Is the Avast scan saying my network is vulnerable to being hacked from outside my home? Or is it saying that the devices within my network are subject to being hacked by another device within my network?
Some device on your network may not be up to date?
In parameter - troubleshooting - port settings - check the box ignore local communications and / or remove port 80
Also, one of the laptops is running AVG. When I run a scan on that computer, ditto, no warning.
If that’s the case, then the warning only applies to devices already in my network? Nobody uses any of my devices other than my wife and myself.
I do this by logging onto the Netgear website for my router’s configuration?
Maybe they just want you to install Avast on every computer on your network.
What device is it saying is vulnerable? This could be anything from an open port on the network to a protocol-based exploit. Does Avast provide any guidance on what’s being scanned?
But by putting a strong password on your network, you have prevented any unauthorized hackers from getting on to attack you. Avast can’t know this, all it sees is the local machine.
One thing you might check is if UPnP is enabled on the router/switch. UPnP is often enabled by default on consumer-grade routers, and it’s a BIG target for exploits.
Not exactly. Using a strong password on a single device doesn't protect all of the traffic going through the device. Switches/routers are just "dumb" devices that send traffic to and from a source and destination. If those devices are configured with transport controls such as port forwarding, you could have problems beyond the strong password.
True, but not relevant. In order for internal hackers to attack you, they have to get a non-routable subnet IP by connecting to the router. Then they can use an ARP shout to build their internal routing table, and try to connect to other devices without going through the gateway.
This is not relevant to internal attackers because when you connect to GRC, you are going through the router, and using NAT. An internal attacker could connect directly over the local subnet.
Whut? Internal hackers? It’s a home network. If they’re already inside, it’s a moot point.

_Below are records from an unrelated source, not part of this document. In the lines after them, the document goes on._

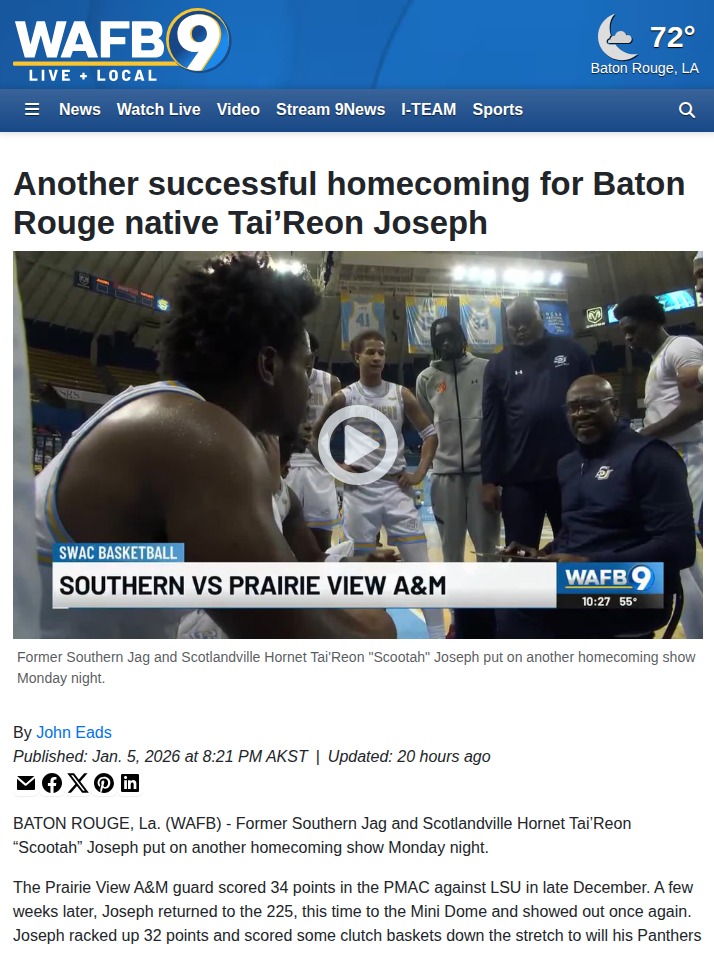 Amy Tanner+FollowTai’Reon Joseph lights up Baton Rouge againTai’Reon “Scootah” Joseph just can’t stop putting on a show when he’s back in Baton Rouge. The former Scotlandville Hornet and Southern Jag dropped 32 points at the Mini Dome, leading Prairie View A&M to a tight 89-85 win over his old team. It’s wild to see a hometown player come back and deliver clutch baskets against familiar faces—especially after scoring 34 against LSU just weeks ago. Baton Rouge hoops fans, how do you feel watching a local star shine, even when he’s playing for the other side? #Sports #Basketball #BatonRouge00Share
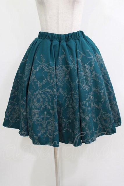 Ozz Croce / プリントギャザースカート グリーン×グレーチュール H-26-04-10-014-OO-SK-KB-ZH
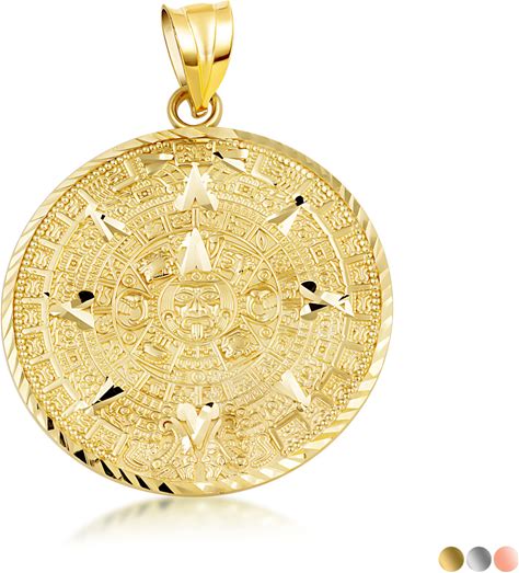 Gold Diamond Cut Ancient Aztec Mayan Sun Calendar Deity Pendant Necklace Rose Gold 10K Small Pendant With 16" Chain
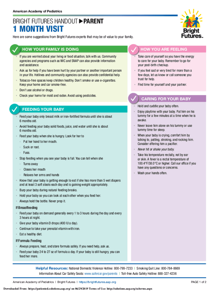 American Academy of PediatricsBRIGHT FUTURES HANDOUT PARENT1 MONTH Visited are some suggestions from Bright Futures experts that may be of value to your family. HOW YOUR FAMILY IS DOING YOU ARE FEELING
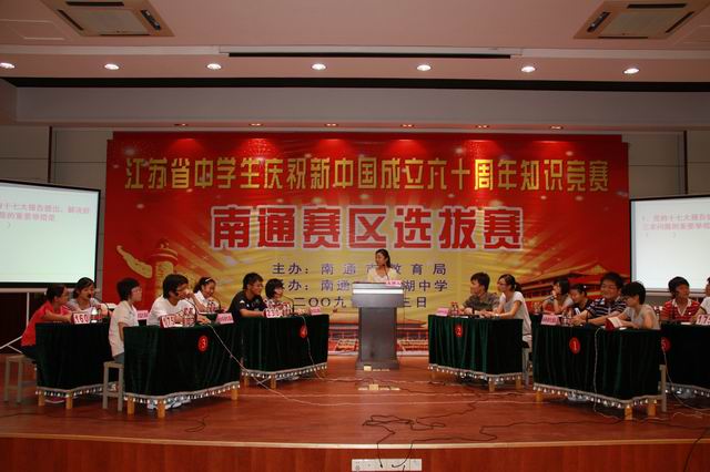 紧接着启动仪式,南通市中学生庆祝新中国成立60周年知识竞赛在天星湖西区报告厅拉开帷幕,经过两个多小时的多项角逐,通州区等三支代表队获一等奖。
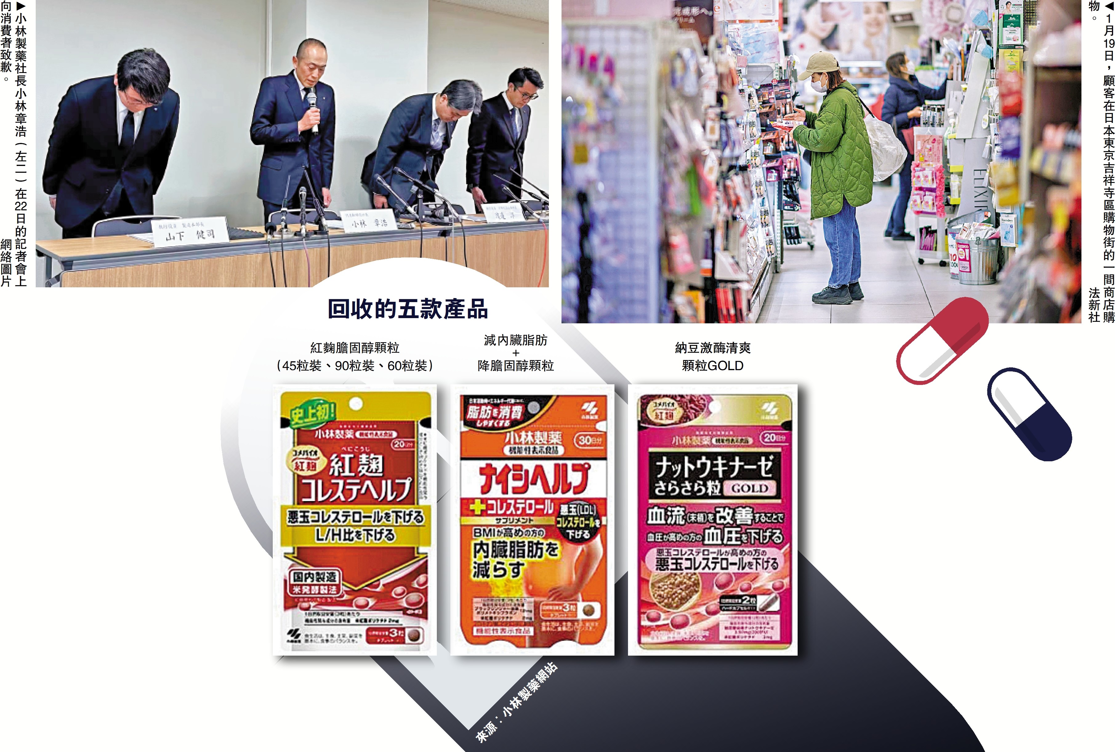 而回收的保健品之一「紅麴膽固醇顆粒」聲稱可以降低膽固醇水平。該產品自2021年在日本藥店販售,累計銷量接近110萬件,年銷售額達6億日圓。小林製藥自行回收約30萬件。

You can ARP from any machine in the network, and presuming it’s a flat architecture (no VLANs), every device on the network is going to be in the ARP table. Not hard to determine endpoint addresses at that point. Gateway isn’t an issue, because a flat network is all Layer 2. No need for routing.
You said the strong password protected the network. Ingress to a network from the Internet is done through open ports. If a port or ports is open to the Internet (e.g. 80, 443, 445, 3389), they can be accessed without using the password associated to the router.